Last week, I shared some thoughts on creative dispositions. I personified two attitudes, architects and gardeners, to show how a writer’s inclinations produce a certain kind of text, thus affecting the design. But the gardener and the architect are ripe metaphors that can be carried other places.
Jeremy Keith picked them up and applied the scheme to design systems:
It’s not just me, right? […] I think you’ve got an interesting analysis of the two different approaches to design systems. Descriptivist gardening and prescriptivist architecture.
Jeremy then extends prescriptivism to share his concerns about individual agency in defined systems, since any kind of structured consistency is primed for automation. Are designers working to pave the road to their own obsolescence by responding to the increasing surface area of brand and digital product? Perhaps, but let’s not display too much hubris. There is a near infinite capacity for automated things to fall apart. Ask any sysadmin.
Dave Rupert picked up the thread and added some of his own thoughts in a post, provocatively titled, The Web is industrialized and I helped industrialize it:
In our cultural obsession with billionaire entrepreneurs we laud new features more than the maintenance and incrementalism work of making old features better and more accessible. Maintenance looks like red minus signs in the spreadsheet.
He continues:
So how do we inject more autonomy into design systems? Jina Anne’s philosophy on Design Tokens seems really strong in maximizing individual contributor and team autonomy, being more “descriptivist” as Jeremy puts it, rather than “prescriptivist”. Perhaps the old “Tools, not rules” adage holds up here as well. Design and development tools and processes that democratize contributions could provide autonomy, or at least the feeling of autonomy.
Brad Frost then contributed some of his own thoughts, rallying around processes and culture (and throwing capital-A Agile under the bus, which I am all for):
it’s important to stress that this isn’t an intrinsic issue with design systems, but rather the organizational culture that exists or gets built up around the design system. There’s a big difference between having smart, reusable patterns at your disposal and creating a dictatorial culture designed to enforce conformity and swat down anyone coloring outside the lines.

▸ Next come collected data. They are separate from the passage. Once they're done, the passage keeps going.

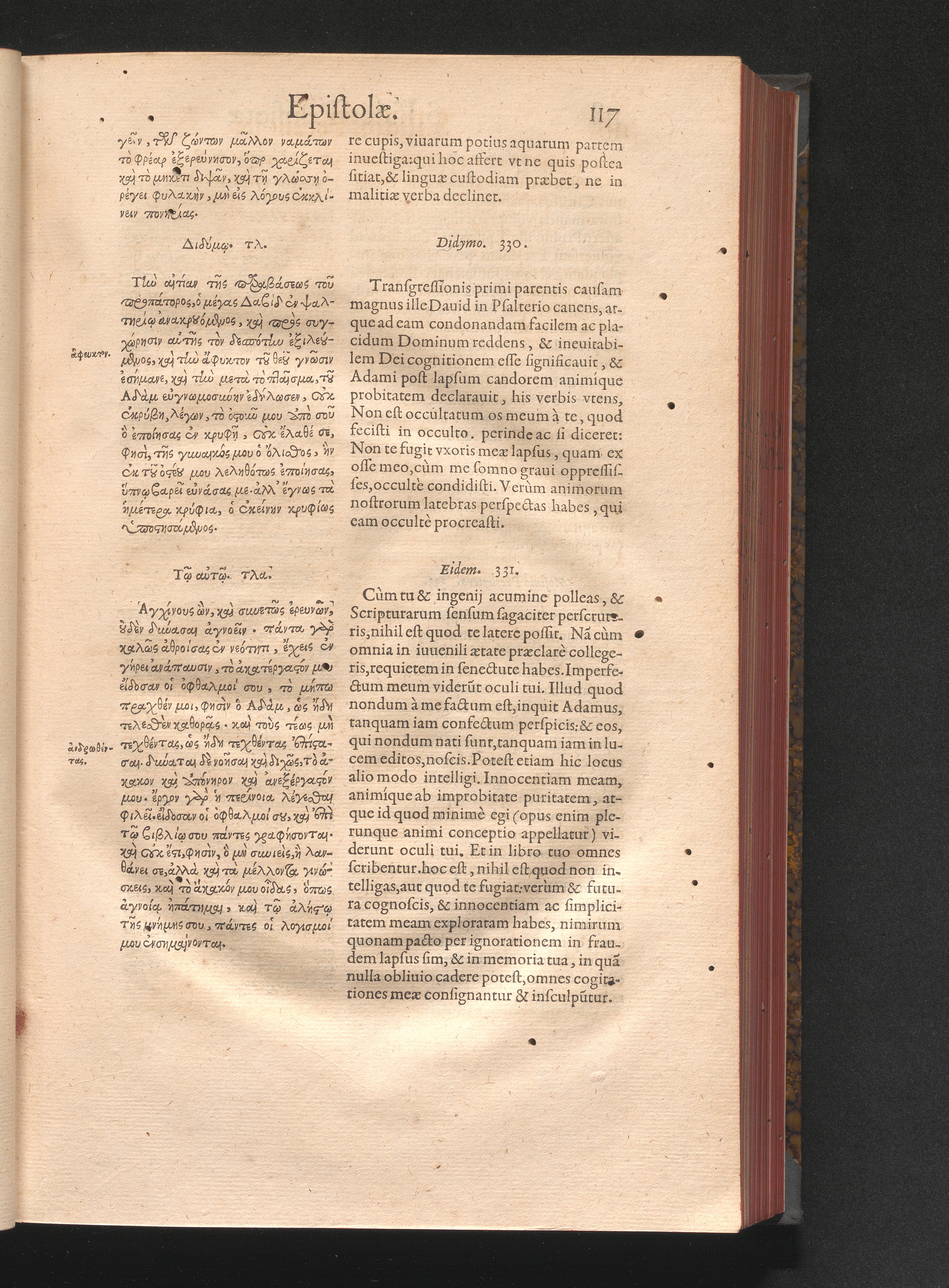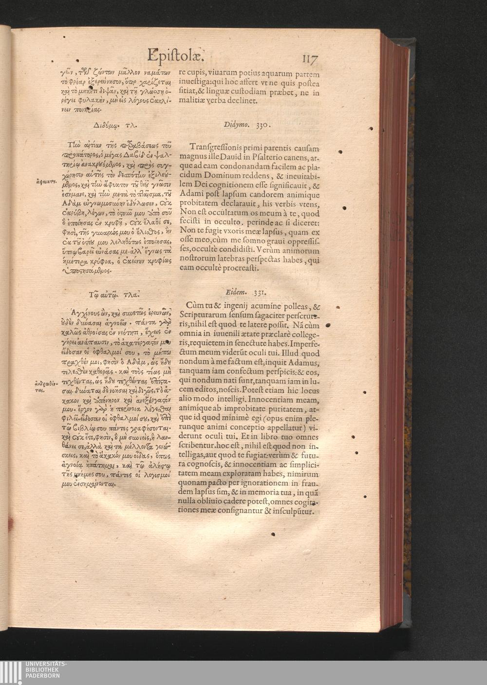 Epistolai tu hagiu Isidōru tu Pēlusiōtu / Quibus è regione accessit latina Clariss. viri Iacobi Billii Prunęi, S. Michaëlis in Eremo quondam Cœnobiarchæ, interpretatio
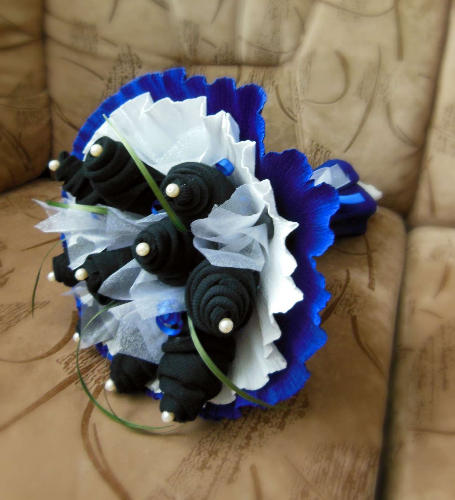 Декорируем бутоны атласными лентами, лепестками из гофрированной бумаги. Внутрь бутонов можно вставить бусины или конфеты.
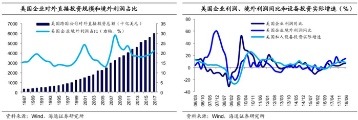 一方面,美国很多大企业都是跨国经营,这样的环境下,其境外利润会受到影响。17年美国企业的境外利润大约占到企业全部利润的21%,而今年新兴市场经济普遍减速,欧洲、日本经济复苏步伐也放缓,这将使得美国企业的境外利润增速放缓,那么相应的汇回利润也会受到影响,进而不利于跨国公司继续扩大投资。
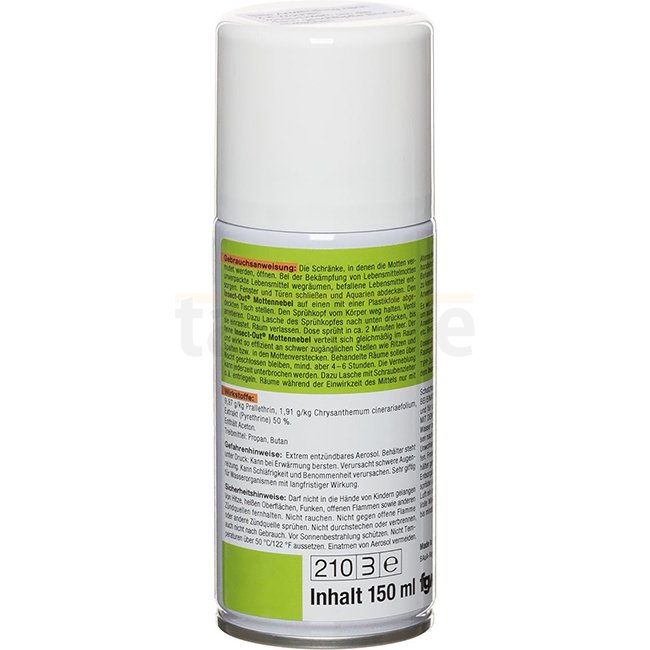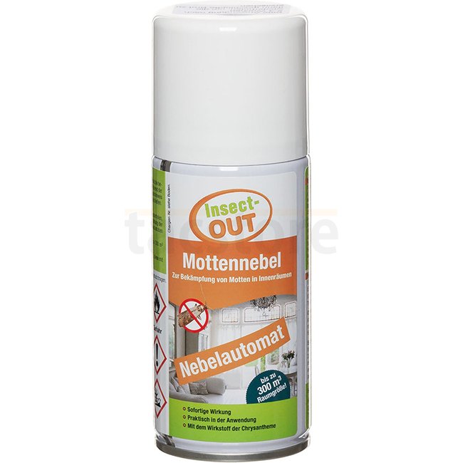 Insect-OUT Anti-Moth Mist 150 ml - Aerosol mist against moths for rooms up to 300 m¸. Contains Prallethrin, Pyrethrum extract, Acetone. Propane & Butane propellant.
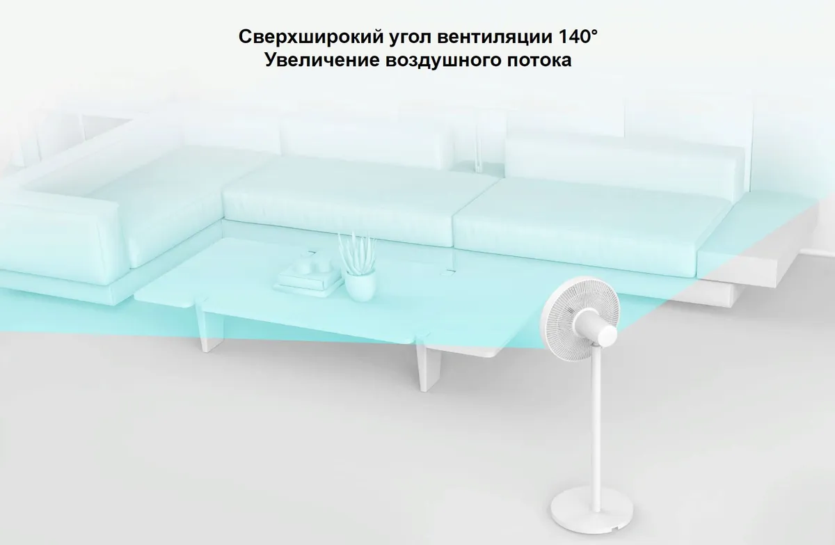 Угол обдуваXiaomi Mi Smart Standing Fan 2 имеет обширный диапазон подачи воздуха. В горизонтальной плоскости его угол обдува равен 140 градусам, а в вертикальной – 39 градусам. Благодаря этому помещение быстрее охлаждается. Максимальная скорость подачи воздуха составляет 20 м³/мин.
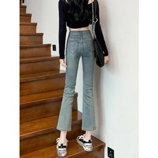 高腰微喇毛边九分牛仔裤女薄款2025年夏季新款显瘦浅色修身直筒裤
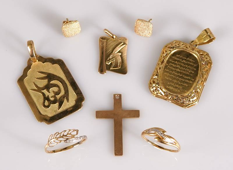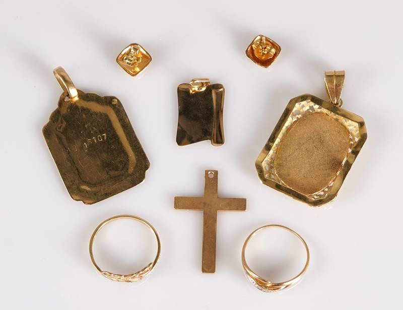 Konvolut Goldschmuck Verschiedene Hersteller. 3 x Anhänger Gelbgold 333. Nicht oder ungedeutet punziert. Gesamtgewicht ca. 10,8 Gramm. Anhängekreuz, 2 x Ring und Paar Ohrstecker. Nicht oder ungedeutet punziert. Gelbgold 585 bzw. 1 x 750. Gesamtgewicht ca. 8,4 Gramm. Zustand wie abgebildet. Bitte selbst besichtigen.
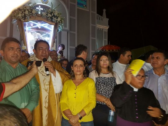 Autoridades políticas seguem à procissão. O prefeito de Campo Maior, Professor Ribinha, os deputados estaduais Antônio Félix, Aluísio Martins, Marden Menezes e o presidente da Fundespi Paulo Martins.
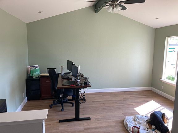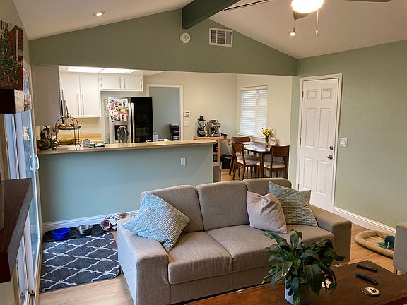 The hall bedroom is 10x10 + small hallway + closet. There is a shared bathroom. There is a separate family room/kitchen and massive backyard. I have one dog and am open to additional pets. Driveway and street parking are available. Limited storage is available in the garage. All appliances provided.
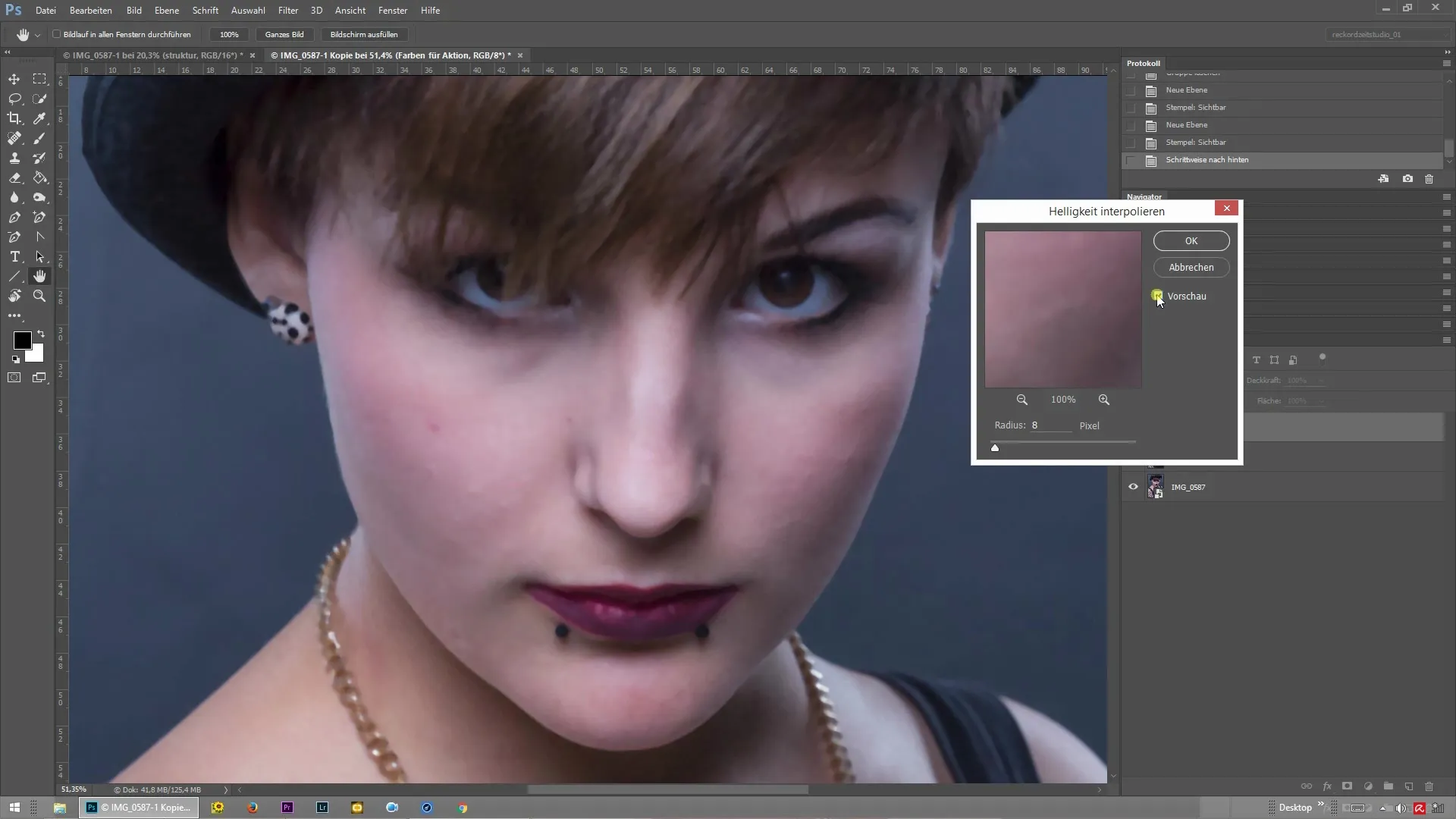 Teraz, gdy wykonałeś pierwsze kroki, dostosuj wartości w razie potrzeby. Eksperymentuj z niższymi lub wyższymi wartościami, aby zobaczyć, jak wpływają na teksturę i kolorystykę obrazu. Zwróć uwagę na to, jak małe włoski zachowują się na poziomie struktury i kolorów oraz czy są one wpływane przez retusz.
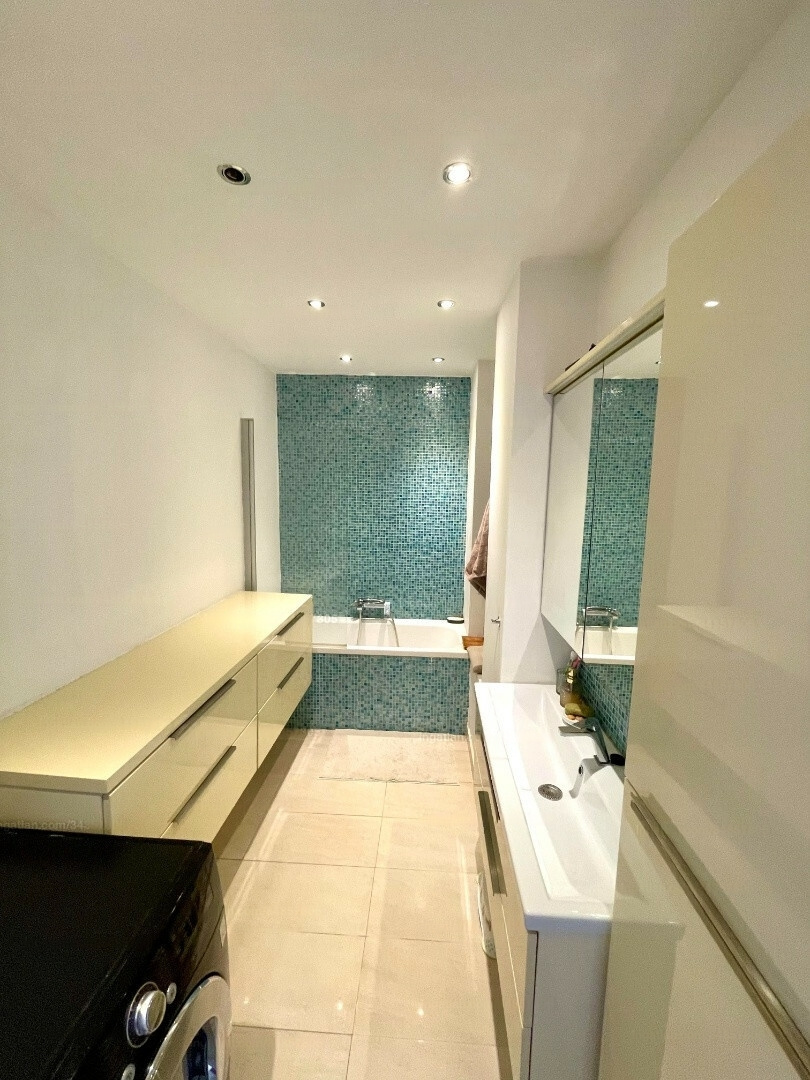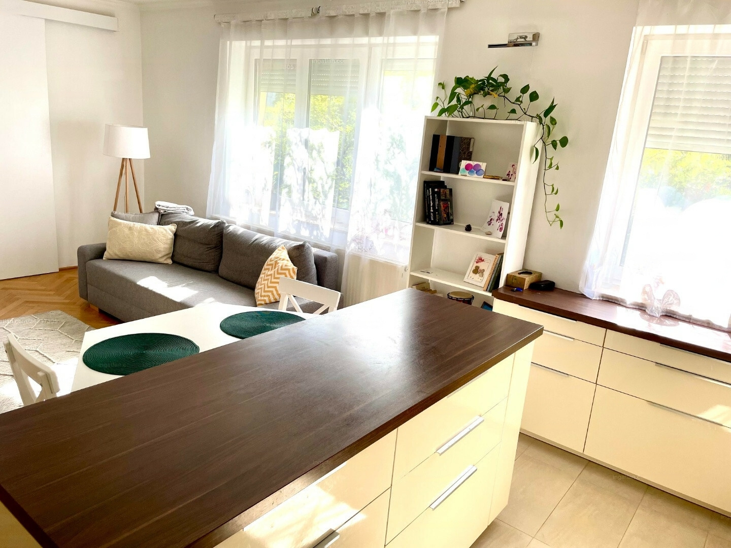 The apartment is beautifully renovated and features an open-plan living room with an American kitchen and 1.5 bedrooms. There is a separate bathroom and toilet, as well as additional storage space provided by a pantry and a separate basement.
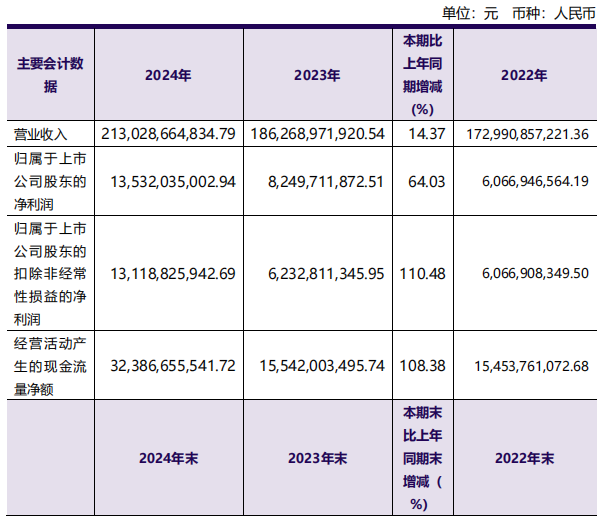 3月21日,洛陽鉬業發布的業績報告顯示,公司2024年營業收入首次邁入兩千億元門檻,為2130.29億元,同比增長14.37%;歸母凈利潤首破百億元,為135.32億元,同比增長64.03%;扣非后歸母凈利潤131.19億元,同比增長110.48%;每股收益0.63元,同比增長65.79%。
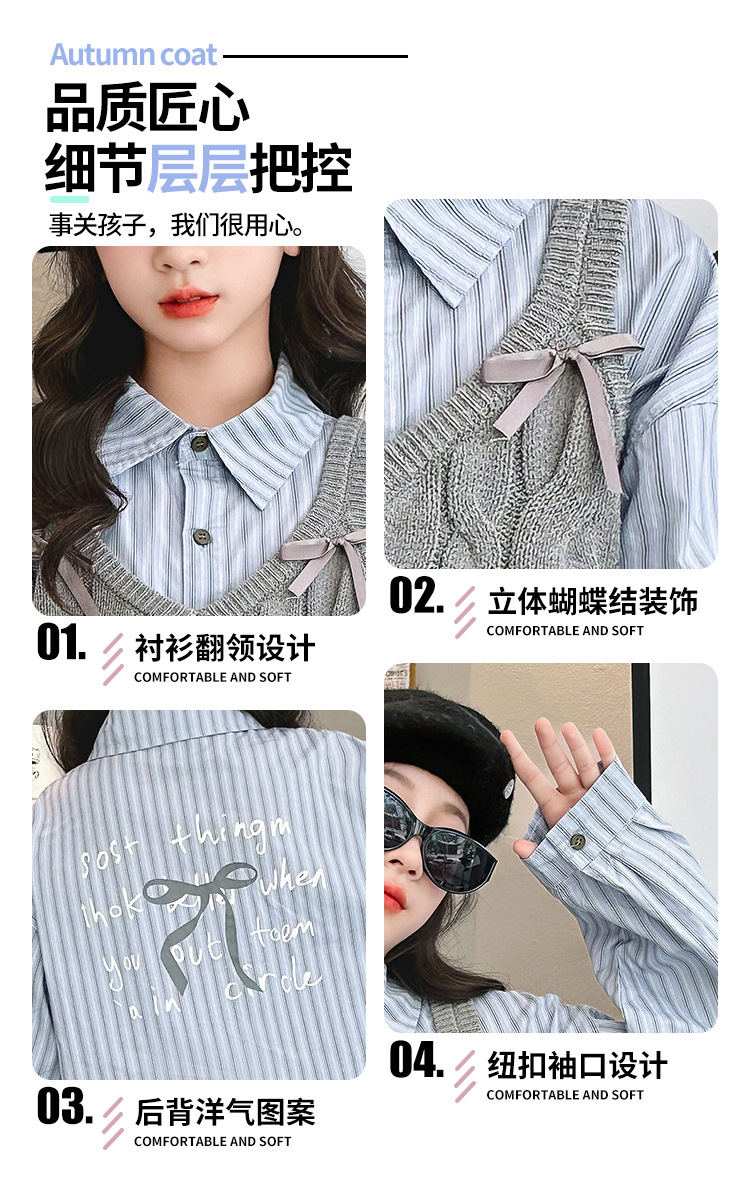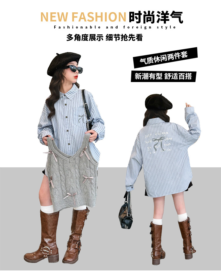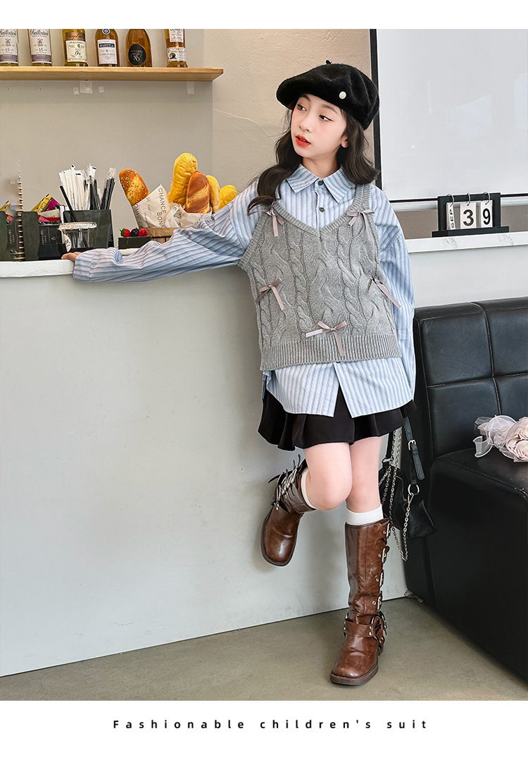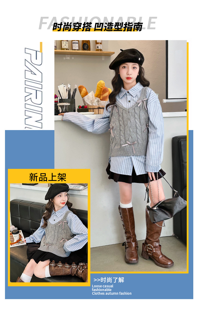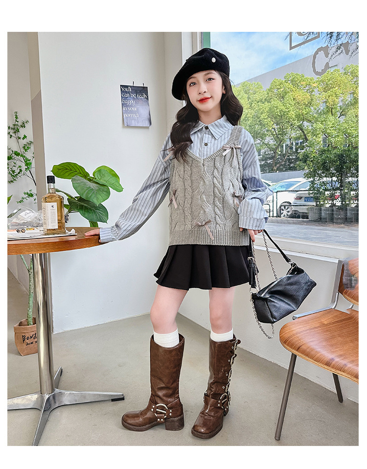 女童2024马甲短款毛线吊带小背心内搭叠穿韩系针织坎肩衬衫两件套

I’m glad Brad mentioned Yesenia Perez-Cruz’s book, Expressive Design Systems, published this past November. I haven’t read it yet, but judging only by its title, it directly addresses the assumption that systemization diminishes the possibility of creative contributions by designers.
All of these people are better positioned to comment on design systems, their culture, and implementation. But it does strike a nerve, because design systems are the place where design touches a sense of diminished individual agency, dehumanizing company cultures, digital sprawl, economic consolidation, and fears of automation. People blog and worry, because they believe in the effectiveness of their work, but have no confidence in the hands where they place it.
It is a crisis of care.
I would like to make a proposal, a sketch of an idea, borrowed from others. Each of these highlighted problems is a failure of care and the devaluing of tending to our tools, industry, society, and each other.
I have two references in mind. First is Joan C. Tronto’s Who Cares?: How to Reshape a Democratic Politics. The book focuses on what we owe one another, and how to shape society and government around those convictions. (Don’t worry, it’s a short pamphlet.) Tronto:
When I say “care,” I don’t mean only healthcare, childcare, and caring for the elderly. I don’t mean only finding a babysitter on a website called Care.com. I mean, as Berenice Fisher and I defined it some time ago, “in the most general sense, care is a species activity that includes everything we do to maintain, continue, and repair our world so that we may live in it as well as possible. That world includes our bodies, our selves, and our environment, all of which we seek to interweave in a complex, life-sustaining web.”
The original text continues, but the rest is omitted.